Sujet : Re: do { quit; } else { }
De : bc (at) *nospam* freeuk.com (bart)
Groupes : comp.lang.cDate : 12. Apr 2025, 15:01:06
Autres entêtes
Organisation : A noiseless patient Spider
Message-ID : <vtdrn2$jddk$2@dont-email.me>
References : 1 2 3 4 5 6 7 8 9 10 11 12 13 14 15 16 17 18 19 20 21 22 23 24
User-Agent : Mozilla Thunderbird
On 12/04/2025 13:39, David Brown wrote:
On 12/04/2025 01:13, bart wrote:
On 11/04/2025 22:36, Keith Thompson wrote:
bart <bc@freeuk.com> writes:
[...]
Rubbish. Everyone finds C declaration syntax a nightmare.
>
Rubbish. I find C declaration syntax annoying, not a "nightmare".
>
>
Annoying would be having to get letter case or punctuation just right.
>
But C typepecs can go far beyond it. I can just about do arrays of pointers, or pointers to arrays. Anything more complicated is pretty much trial and error.
>
In an example in my post which I then deleted (DB will just ignore examples), I wanted to create an array of 10 pointers to functions that take an int and return an int.
If only C had a way to make that simple and clear. Oh, wait - it does.
typedef int (*FIntInt)(int);
Um, not really! You still need to /analyse/ this to see what exactly this is. You don't know it might be to do with functions until you hit the /second/ opening parenthesis. Unless somebody writes:
> typedef int ((*FIntInt))(int);
then it's the /third/ parenthesis!
FIntInt funcs[10];
This is a comment I posted yesterday:
"If you need a program to help you read C programs, that suggests a serious flaw in C." (
https://news.ycombinator.com/item?id=42564861)
The same applies to having to use workarounds (and needing to invent spurious user types) to write not very complicated typespecs.
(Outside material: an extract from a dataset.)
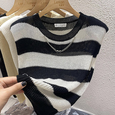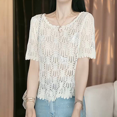 欧货小众别致设计感镂空针织衫亮片夏季时尚洋气百搭短袖t恤衫女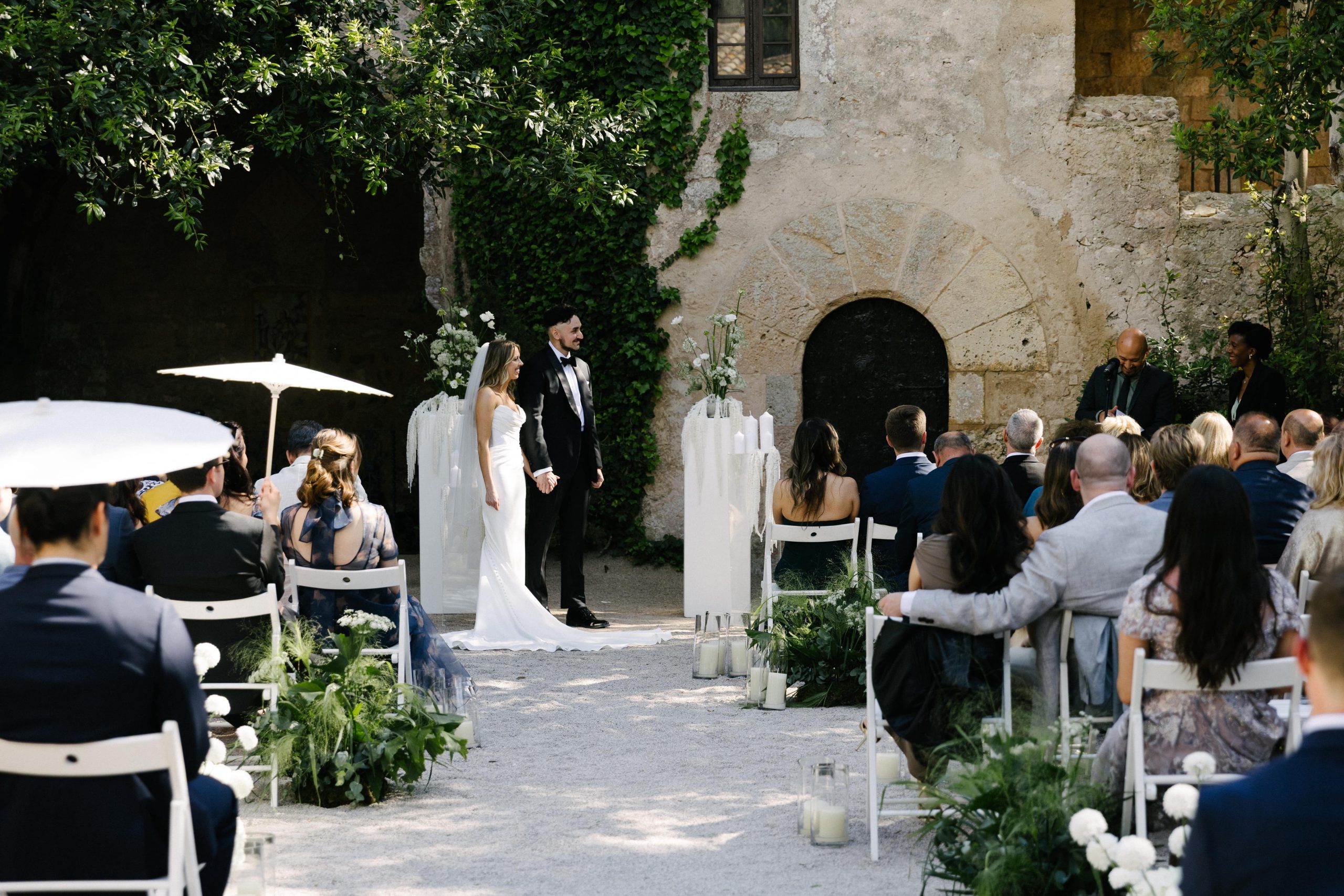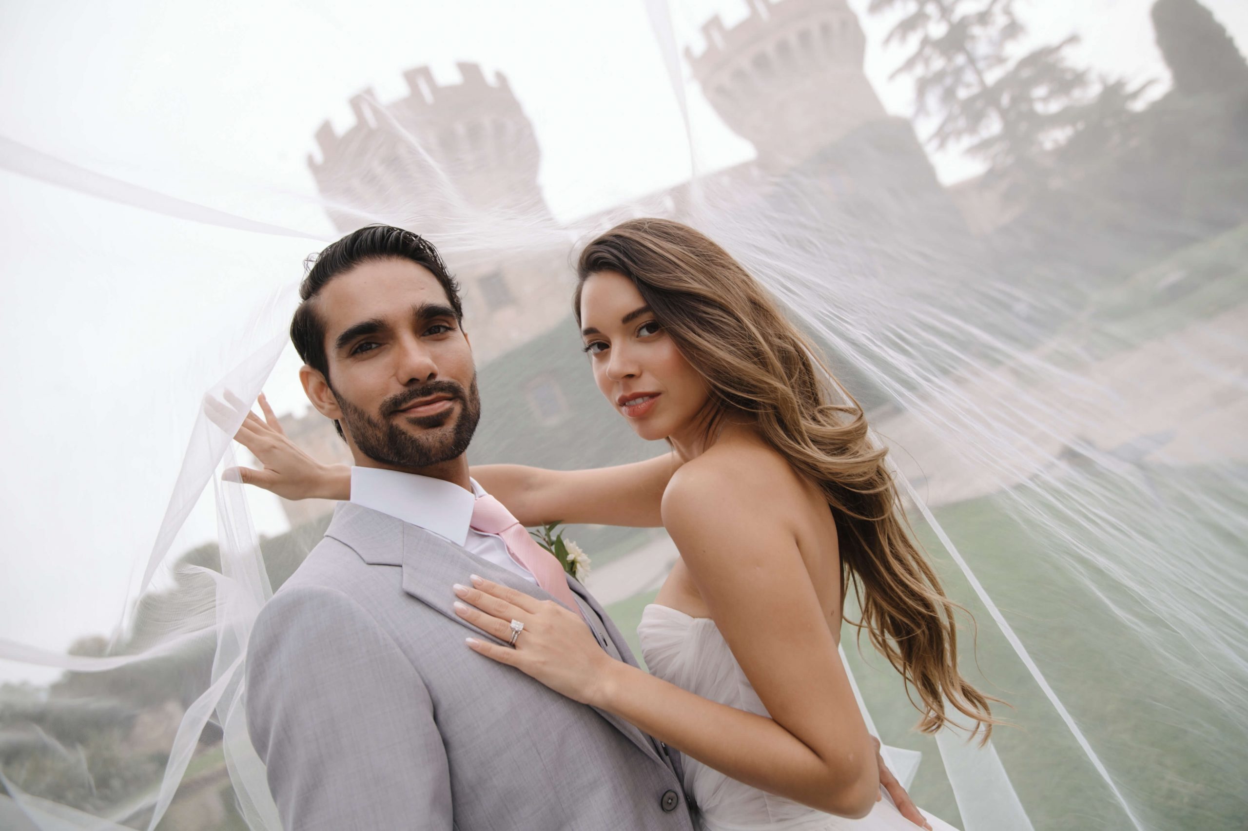 Ricardo y Nicole viajaron desde California para celebrar su boda el 13.10.2023 en el increíble castillo de La Baronia. El estilo fue completamente romántico predominando los colores claros y detalles como candelabros.

If a C programmer - such as yourself - is foolish enough to reject parts of the language designed to make coding simpler, safer, clearer and more portable, then I can see how your self-imposed restrictions make your coding harder. But the fault lies in the poor use of the language, not the language.
No, the fault likes in the language for having such appalling syntax in the first place.
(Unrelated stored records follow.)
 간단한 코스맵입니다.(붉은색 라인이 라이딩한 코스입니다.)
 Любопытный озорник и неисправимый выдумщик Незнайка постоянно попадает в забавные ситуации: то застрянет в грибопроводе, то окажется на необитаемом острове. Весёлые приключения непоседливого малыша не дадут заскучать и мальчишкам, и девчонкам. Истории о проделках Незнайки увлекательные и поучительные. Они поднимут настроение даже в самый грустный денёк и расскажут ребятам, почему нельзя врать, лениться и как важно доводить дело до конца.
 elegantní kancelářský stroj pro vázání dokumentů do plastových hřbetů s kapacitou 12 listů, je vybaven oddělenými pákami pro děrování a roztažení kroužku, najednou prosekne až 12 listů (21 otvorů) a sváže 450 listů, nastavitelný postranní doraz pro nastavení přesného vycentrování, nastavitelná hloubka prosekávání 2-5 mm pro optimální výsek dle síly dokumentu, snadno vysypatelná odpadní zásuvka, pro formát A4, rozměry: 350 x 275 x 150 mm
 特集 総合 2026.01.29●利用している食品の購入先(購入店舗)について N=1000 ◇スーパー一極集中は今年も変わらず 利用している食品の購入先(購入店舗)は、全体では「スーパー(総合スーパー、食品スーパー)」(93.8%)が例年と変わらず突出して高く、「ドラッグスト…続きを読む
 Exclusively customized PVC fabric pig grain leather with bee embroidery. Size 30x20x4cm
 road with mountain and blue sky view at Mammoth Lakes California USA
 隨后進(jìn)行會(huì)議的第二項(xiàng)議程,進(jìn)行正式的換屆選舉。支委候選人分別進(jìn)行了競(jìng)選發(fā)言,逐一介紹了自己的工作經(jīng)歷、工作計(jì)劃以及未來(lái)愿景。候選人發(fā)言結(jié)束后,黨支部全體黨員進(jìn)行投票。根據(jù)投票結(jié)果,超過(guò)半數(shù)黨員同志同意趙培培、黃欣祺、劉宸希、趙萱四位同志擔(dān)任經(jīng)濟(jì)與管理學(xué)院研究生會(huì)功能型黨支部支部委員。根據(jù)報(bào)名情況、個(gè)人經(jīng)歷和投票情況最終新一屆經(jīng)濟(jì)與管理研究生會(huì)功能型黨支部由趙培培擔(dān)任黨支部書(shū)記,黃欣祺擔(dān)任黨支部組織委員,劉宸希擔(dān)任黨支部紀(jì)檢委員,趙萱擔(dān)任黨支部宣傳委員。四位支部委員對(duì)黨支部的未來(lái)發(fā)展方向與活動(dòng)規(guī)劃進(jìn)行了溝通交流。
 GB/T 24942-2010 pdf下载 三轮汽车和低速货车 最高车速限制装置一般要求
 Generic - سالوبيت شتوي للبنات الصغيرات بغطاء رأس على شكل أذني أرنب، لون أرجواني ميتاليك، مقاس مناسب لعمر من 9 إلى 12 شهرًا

My last post touched on this, but it is the idea that a composite type requires 'modifiers' that wrap around each name that is declared in a list:
T *A[10], (*B)[10], ***C, (*D)(int,int);
So the type for D involves T on the far left; '*' on its immediate left; '(int,int)' on its right; plus those parentheses are needed to alter precedence (in a type-spec!).
This is effing crazy, and you know it. It also gives rise to problematic code like this:
T** A, B, C;
>designed to make coding simpler, safer, clearer and more
Was typedef really designed to mitigate the problems of its type syntax? I doubt very much: Let's create this really stupid syntax, and let's then add X, Y and Z so that you don't need to use that stupid syntax.
To complete your example:
typedef int ((*FIntInt))(int);
typedef FIntInt AFintInt[10];
AFIntInt Table1, Table2, Table3;
Two lots of typedefs, and two extra user-identifiers, when it could have been done like this, using a made-up LTR syntax:
[10]*fn(int,int)int Table1, Table2, Table3;
Everything is in one place without having to hunt down typedefs. No unnecessary user types. All three variables are guaranteed to have compatible types.
And you can read off the actual type by simply scanning left-to-right, without using any tools or algorithms.
I haven't mentioned my language (and this uses a different syntax), so you can't dismiss this by saying it's a toy! You know this is, and would have been, a far better scheme.